WORK REQUEST:
Skip the pictures. Give all the data again exactly.

(Saved entries)
┌────────
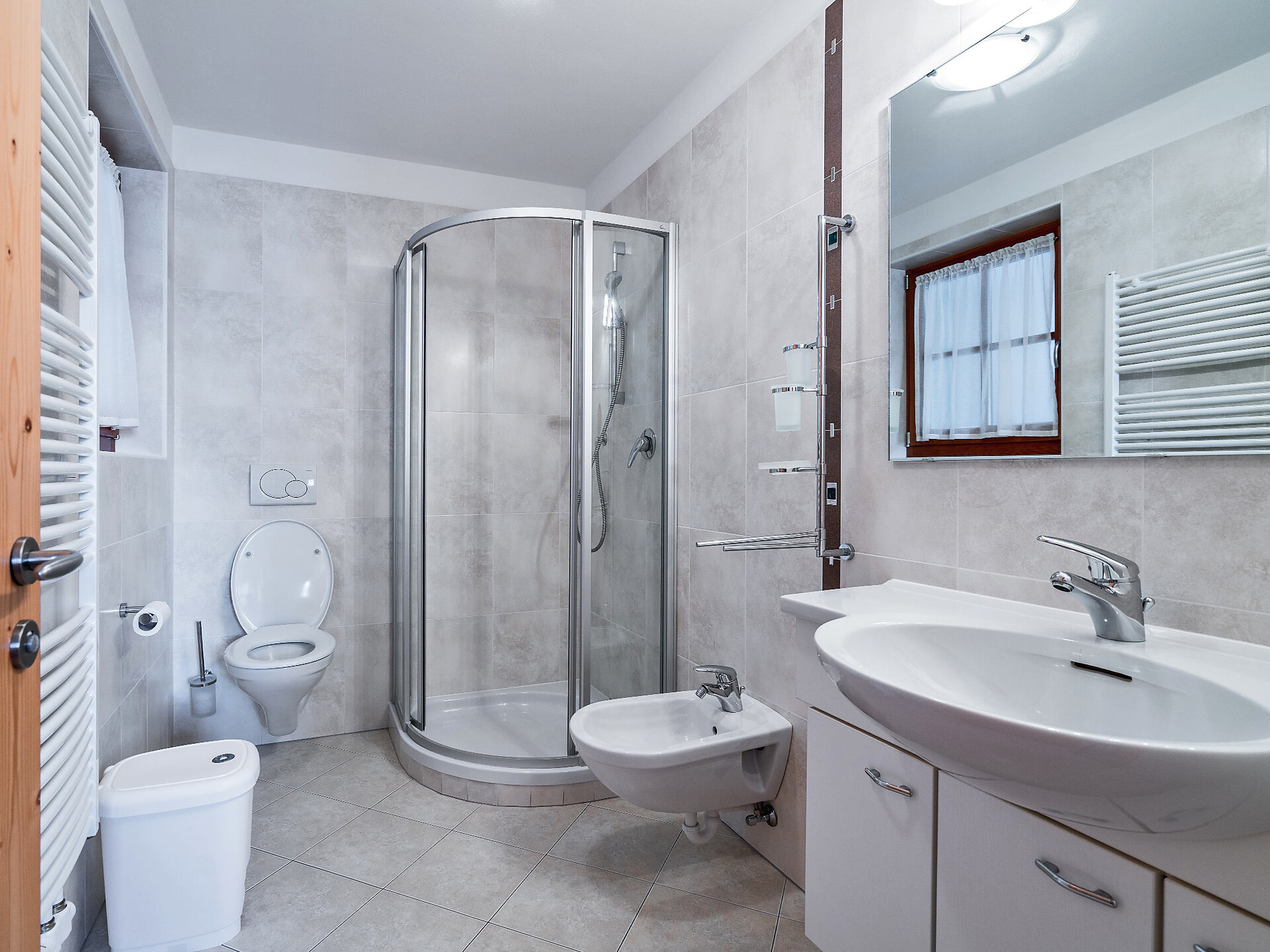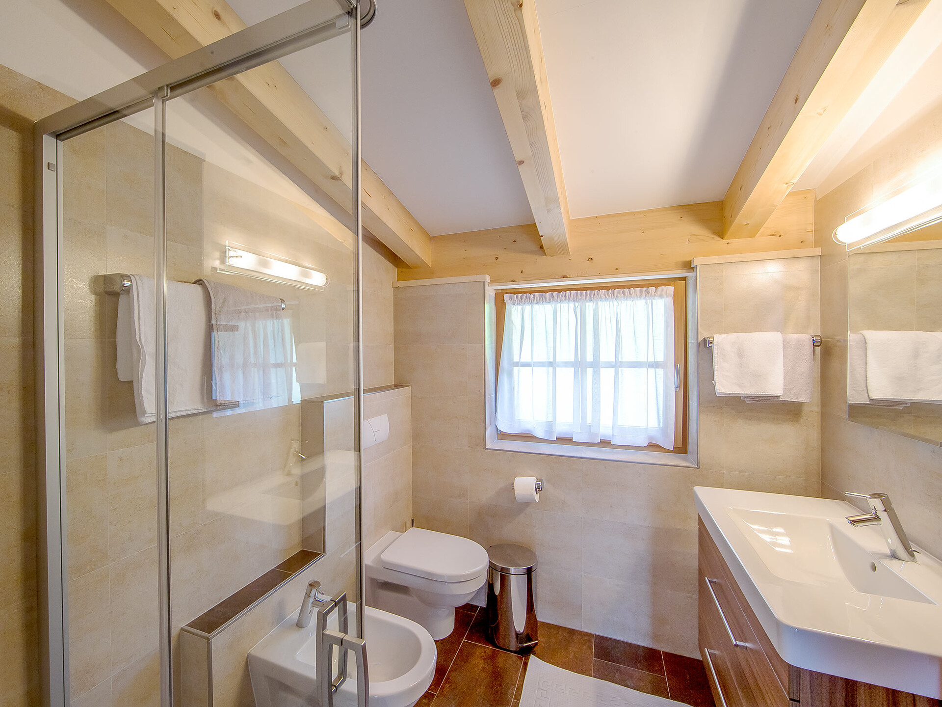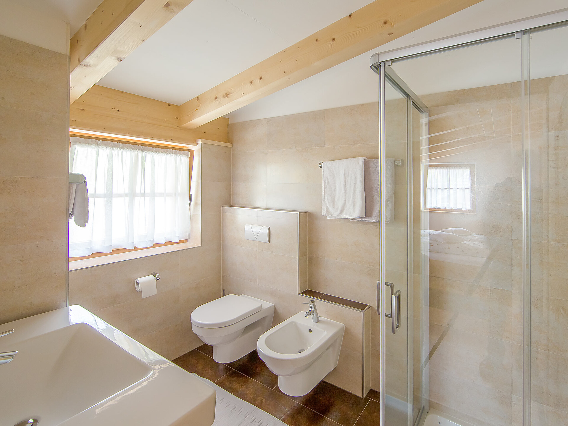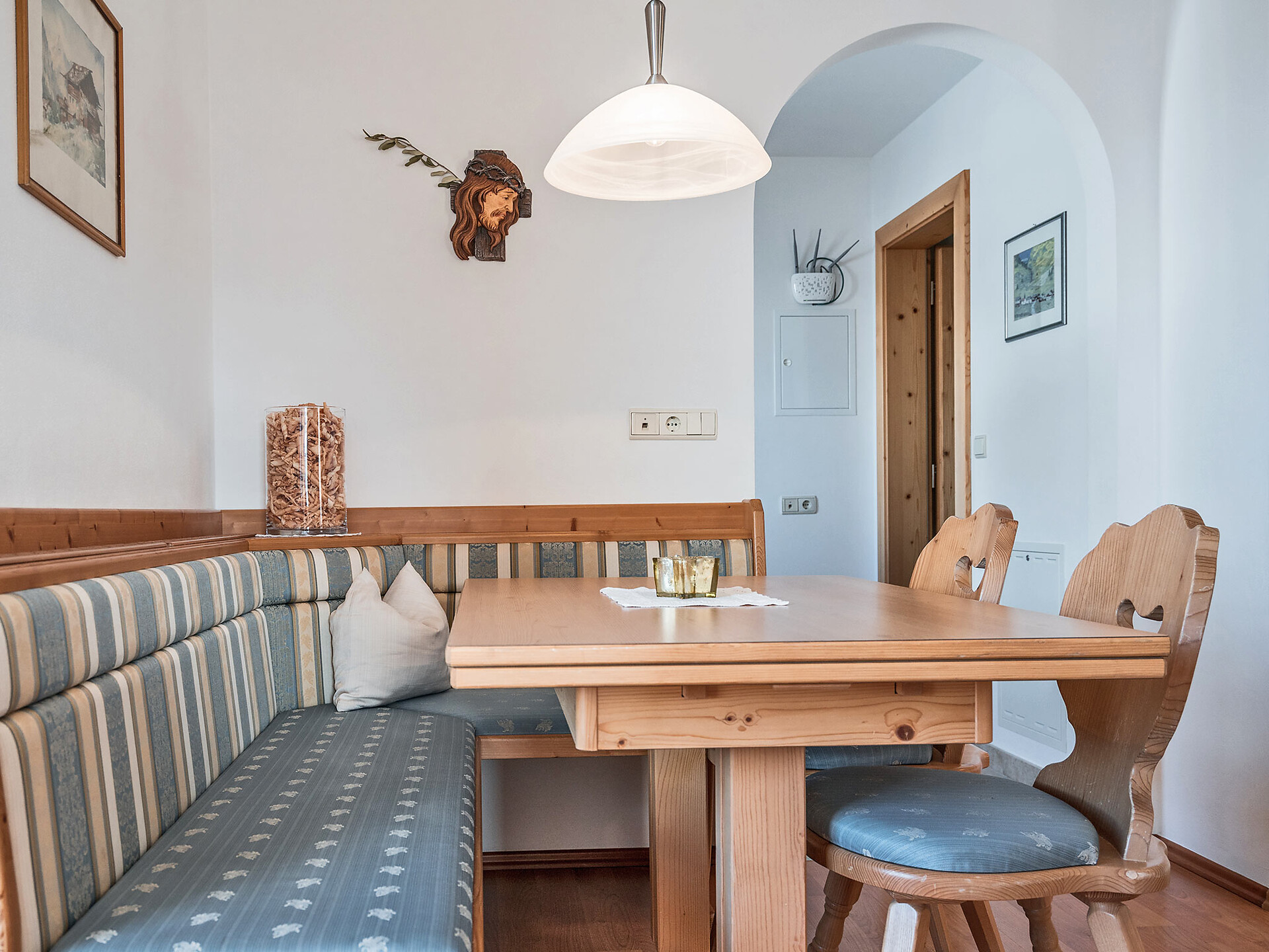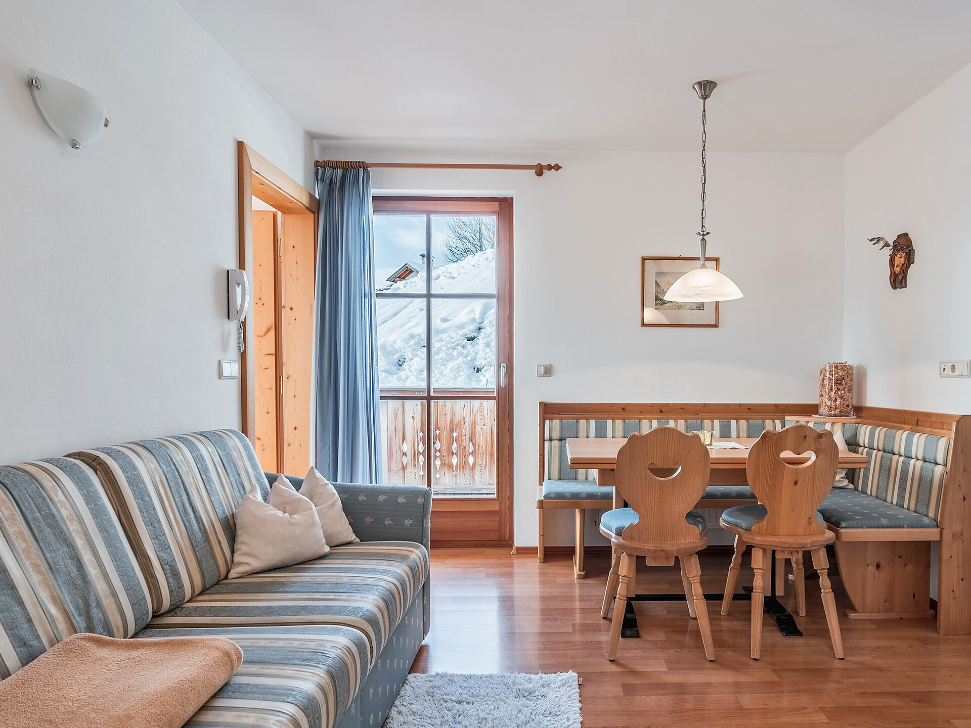 The spacious vacation apartment “Fichte” (Fir) with 50 m² floor space offers lots of space for 2 to 6 guests. The vacation apartment is located in the attic of the Birkenhof farm, its wooden ceilings provide a cozy atmosphere. Two separate bedrooms and a sunny kitchen/living room combo offers plenty of space for families. The kitchen is equipped with a fridge with icebox, ceramic stove top with four burners, oven, extractor hood, electric kettle, coffee maker (mocha), dishwasher, as well as tableware, cutlery and cookware. There is also a private balcony with a wonderful view of the Eisacktal (Valle Isarco), Pustertal (Valle Pusteria) and, weather conditions permitting, the Dolomites, too.
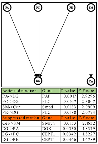 As can be observed from Figure 1, most phospholipid classes (PA, PC, and PE) are being transformed into DG; the other transformation that can be observed is SM to Cer. It should be highlighted that all these transformations can be considered as a degradation towards less complex lipids. This formation of DG from other phospholipids can be the result of enhanced activation of phospholipase enzymes such as phospholipase C (PLC) and phosphatidate phosphatase (PAP) in HbS patients compared to WT [47]. However, it could be possible that there is a malfunction in the reverse pathway that transforms the DG into other phospholipids in the HbS patients. These pathways are carried out by a group of phosphotransferase enzymes such as choline/ethanolamine phosphotransferase 1 (CEPT1) and diacylglycerol kinase (DGK). These irregular activities in pathways could explain the significant increase in DG in HbS patients. In fact, many studies have shown that an altered concentration of DG has serious effects associated with diseases such as cancer, diabetes, immune system disorders, and Alzheimer’s disease [48]; other studies have reported the ability of DG to modify the activity of membrane-bound enzymes such as protein kinase C and phospholipases, which are essential for the metabolism of other lipids [49].
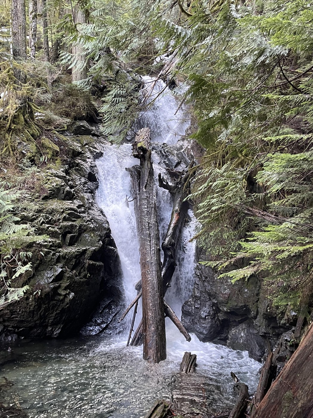 The first half of the hike is pretty uneventful, there’s some snow on the trail periodically but it’s easy to navigate. Lots of standing water on the trail so waterproof boots are highly recommended. Beautiful waterfall that was raging from snowmelt.
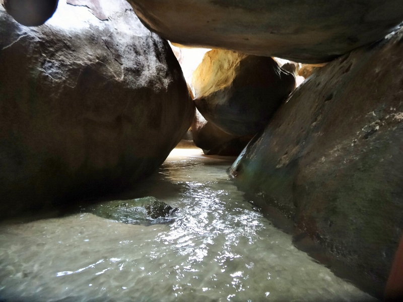 Départ tôt vers 6h30 pour visiter les "Baths", ce parc naturel formé d'immenses blocs de granit en bord de mer, formant ainsi des petites piscines naturelles. Le site est très connu donc pour éviter le monde, mieux vaut y aller tôt. Et effectivement en arrivant à 7h00 nous sommes seuls !
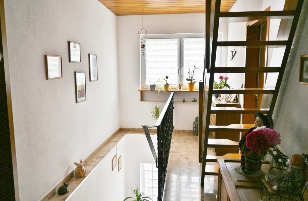 Das ursprünglich um 1950 erbaute Haus wurde einst als familiengeführte Möbelschreinerei mit großzügiger Raumhöhe konzipiert. Heute bietet es über 130 m² Wohnfläche auf mehreren Ebenen – liebevoll zunächst in 1980 umgebaut, mit viel Platz für Ihre Träume. Die Eingangsdiele mit Garderobe und Gäste-WC im Erdgeschoss führt Sie über das Treppenhaus in den Wohnbereich. Der offene Wohn- und Essbereich im Obergeschoss mit Zugang zum Balkon lädt zu entspannten Abenden in der Abendsonne ein. Die angrenzende Küche, drei Schlafzimmer sowie ein Tageslichtbad mit Wanne und Dusche schaffen Raum für Familie und Geborgenheit. Eine ausklappbare Markise sorgt für Schatten an sonnigen Tagen, während Sie auf dem nach Westen ausgerichteten Balkon die Ruhe genießen.
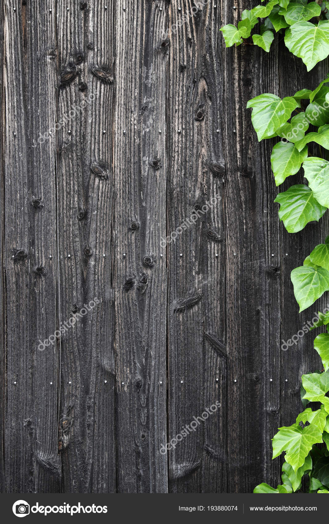 Old Black Wooden Wall Green Leaves Vines Background ...
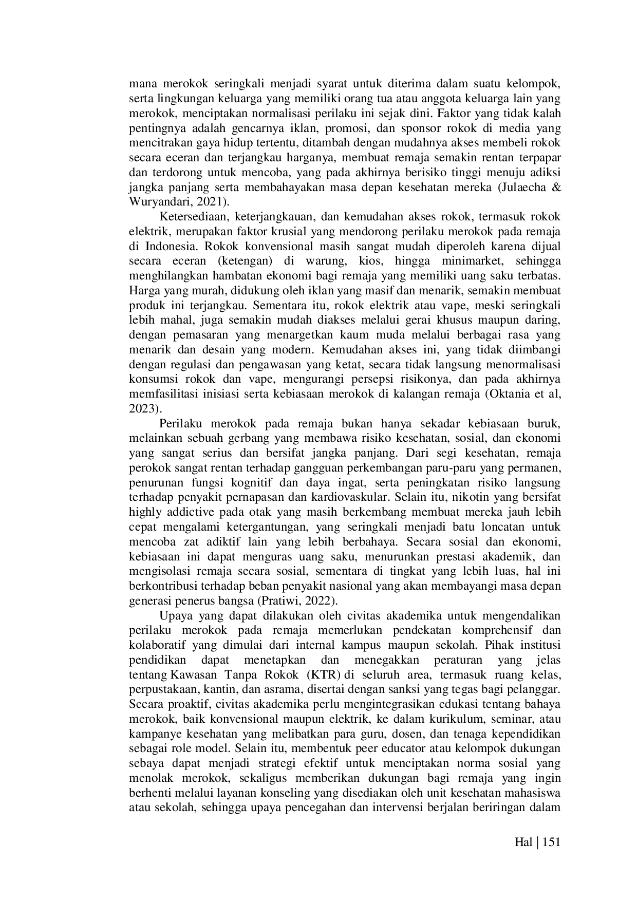 Untuk menekan angka perokok pemula di kalangan remaja, diperlukan pendekatan komprehensif yang melibatkan berbagai pihak. Pertama, institusi pendidikan dapat berperan aktif dalam mengedukasi bahaya merokok melalui kurikulum, seminar, atau kampanye kesehatan yang melibatkan guru, dosen, dan tenaga kependidikan sebagai role model. Selain itu, membentuk kelompok dukungan sebaya dapat menjadi strategi efektif untuk menciptakan norma sosial yang menolak merokok. Kedua, penguatan regulasi dan pengawasan terhadap peredaran rokok di lingkungan sekitar sekolah sangat penting untuk mencegah akses remaja terhadap rokok. Ketiga, penyediaan program pendampingan bagi remaja yang ingin berhenti merokok dapat membantu mereka dalam proses berhenti merokok dan mencegah relaps. Dengan kolaborasi antara sekolah, tenaga kesehatan, dan orang tua, serta dukungan dari komunitas remaja, diharapkan dapat menciptakan lingkungan yang mendukung perilaku hidup sehat tanpa rokok dan mengurangi dampak negatif merokok pada generasi muda.
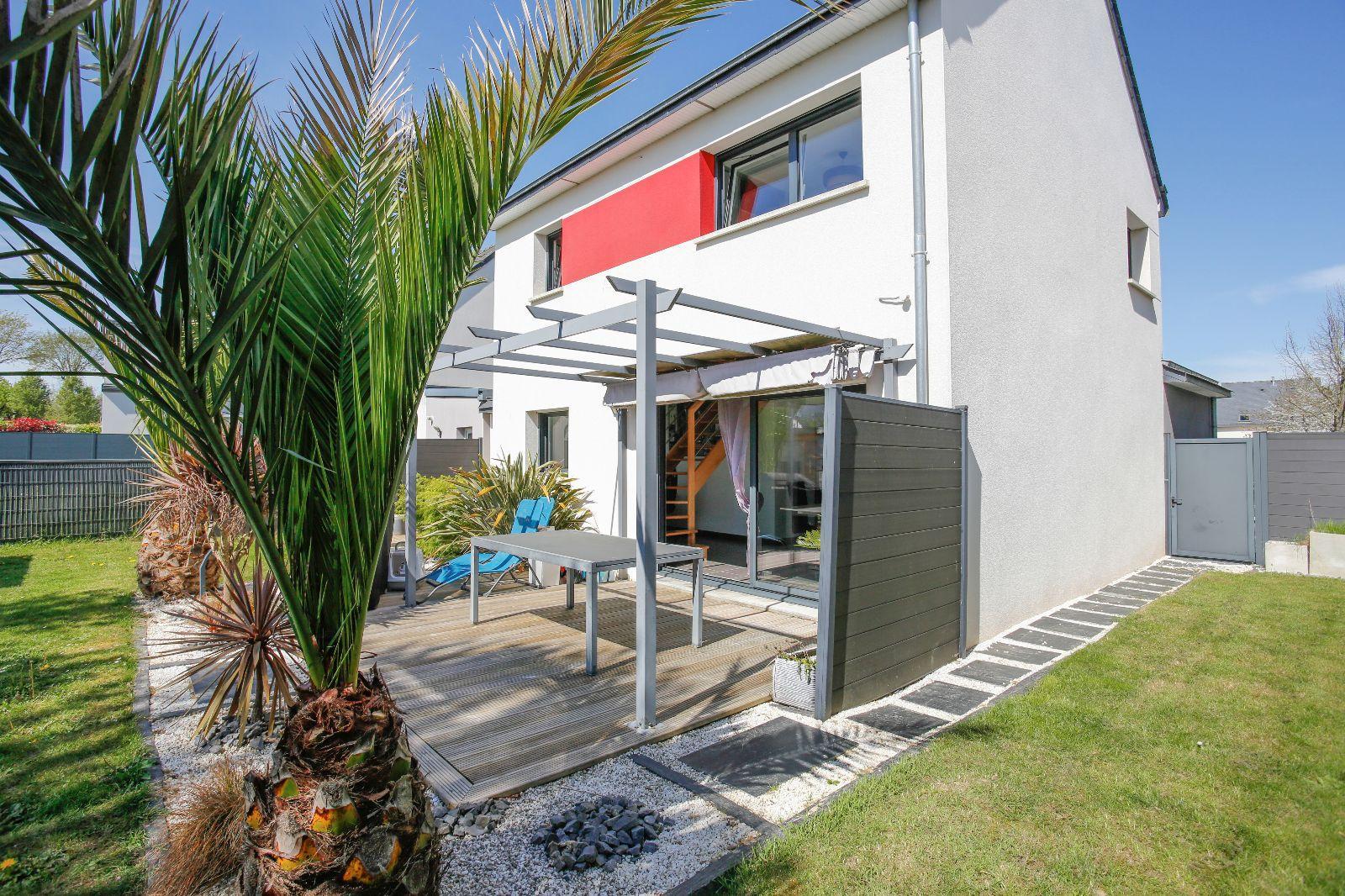Extérieur : terrasse bois aménagée et terrain paysagé sans vis-à-vis.
└────────
TASK RESULT:
 The spacious vacation apartment “Fichte” (Fir) with 50 m² floor space offers lots of space for 2 to 6 guests. The vacation apartment is located in the attic of the Birkenhof farm, its wooden ceilings provide a cozy atmosphere. Two separate bedrooms and a sunny kitchen/living room combo offers plenty of space for families. The kitchen is equipped with a fridge with icebox, ceramic stove top with four burners, oven, extractor hood, electric kettle, coffee maker (mocha), dishwasher, as well as tableware, cutlery and cookware. There is also a private balcony with a wonderful view of the Eisacktal (Valle Isarco), Pustertal (Valle Pusteria) and, weather conditions permitting, the Dolomites, too.
 As can be observed from Figure 1, most phospholipid classes (PA, PC, and PE) are being transformed into DG; the other transformation that can be observed is SM to Cer. It should be highlighted that all these transformations can be considered as a degradation towards less complex lipids. This formation of DG from other phospholipids can be the result of enhanced activation of phospholipase enzymes such as phospholipase C (PLC) and phosphatidate phosphatase (PAP) in HbS patients compared to WT [47]. However, it could be possible that there is a malfunction in the reverse pathway that transforms the DG into other phospholipids in the HbS patients. These pathways are carried out by a group of phosphotransferase enzymes such as choline/ethanolamine phosphotransferase 1 (CEPT1) and diacylglycerol kinase (DGK). These irregular activities in pathways could explain the significant increase in DG in HbS patients. In fact, many studies have shown that an altered concentration of DG has serious effects associated with diseases such as cancer, diabetes, immune system disorders, and Alzheimer’s disease [48]; other studies have reported the ability of DG to modify the activity of membrane-bound enzymes such as protein kinase C and phospholipases, which are essential for the metabolism of other lipids [49].
 The first half of the hike is pretty uneventful, there’s some snow on the trail periodically but it’s easy to navigate. Lots of standing water on the trail so waterproof boots are highly recommended. Beautiful waterfall that was raging from snowmelt.
 Départ tôt vers 6h30 pour visiter les "Baths", ce parc naturel formé d'immenses blocs de granit en bord de mer, formant ainsi des petites piscines naturelles. Le site est très connu donc pour éviter le monde, mieux vaut y aller tôt. Et effectivement en arrivant à 7h00 nous sommes seuls !
 Das ursprünglich um 1950 erbaute Haus wurde einst als familiengeführte Möbelschreinerei mit großzügiger Raumhöhe konzipiert. Heute bietet es über 130 m² Wohnfläche auf mehreren Ebenen – liebevoll zunächst in 1980 umgebaut, mit viel Platz für Ihre Träume. Die Eingangsdiele mit Garderobe und Gäste-WC im Erdgeschoss führt Sie über das Treppenhaus in den Wohnbereich. Der offene Wohn- und Essbereich im Obergeschoss mit Zugang zum Balkon lädt zu entspannten Abenden in der Abendsonne ein. Die angrenzende Küche, drei Schlafzimmer sowie ein Tageslichtbad mit Wanne und Dusche schaffen Raum für Familie und Geborgenheit. Eine ausklappbare Markise sorgt für Schatten an sonnigen Tagen, während Sie auf dem nach Westen ausgerichteten Balkon die Ruhe genießen.
 Old Black Wooden Wall Green Leaves Vines Background ...
 Untuk menekan angka perokok pemula di kalangan remaja, diperlukan pendekatan komprehensif yang melibatkan berbagai pihak. Pertama, institusi pendidikan dapat berperan aktif dalam mengedukasi bahaya merokok melalui kurikulum, seminar, atau kampanye kesehatan yang melibatkan guru, dosen, dan tenaga kependidikan sebagai role model. Selain itu, membentuk kelompok dukungan sebaya dapat menjadi strategi efektif untuk menciptakan norma sosial yang menolak merokok. Kedua, penguatan regulasi dan pengawasan terhadap peredaran rokok di lingkungan sekitar sekolah sangat penting untuk mencegah akses remaja terhadap rokok. Ketiga, penyediaan program pendampingan bagi remaja yang ingin berhenti merokok dapat membantu mereka dalam proses berhenti merokok dan mencegah relaps. Dengan kolaborasi antara sekolah, tenaga kesehatan, dan orang tua, serta dukungan dari komunitas remaja, diharapkan dapat menciptakan lingkungan yang mendukung perilaku hidup sehat tanpa rokok dan mengurangi dampak negatif merokok pada generasi muda.
Extérieur : terrasse bois aménagée et terrain paysagé sans vis-à-vis.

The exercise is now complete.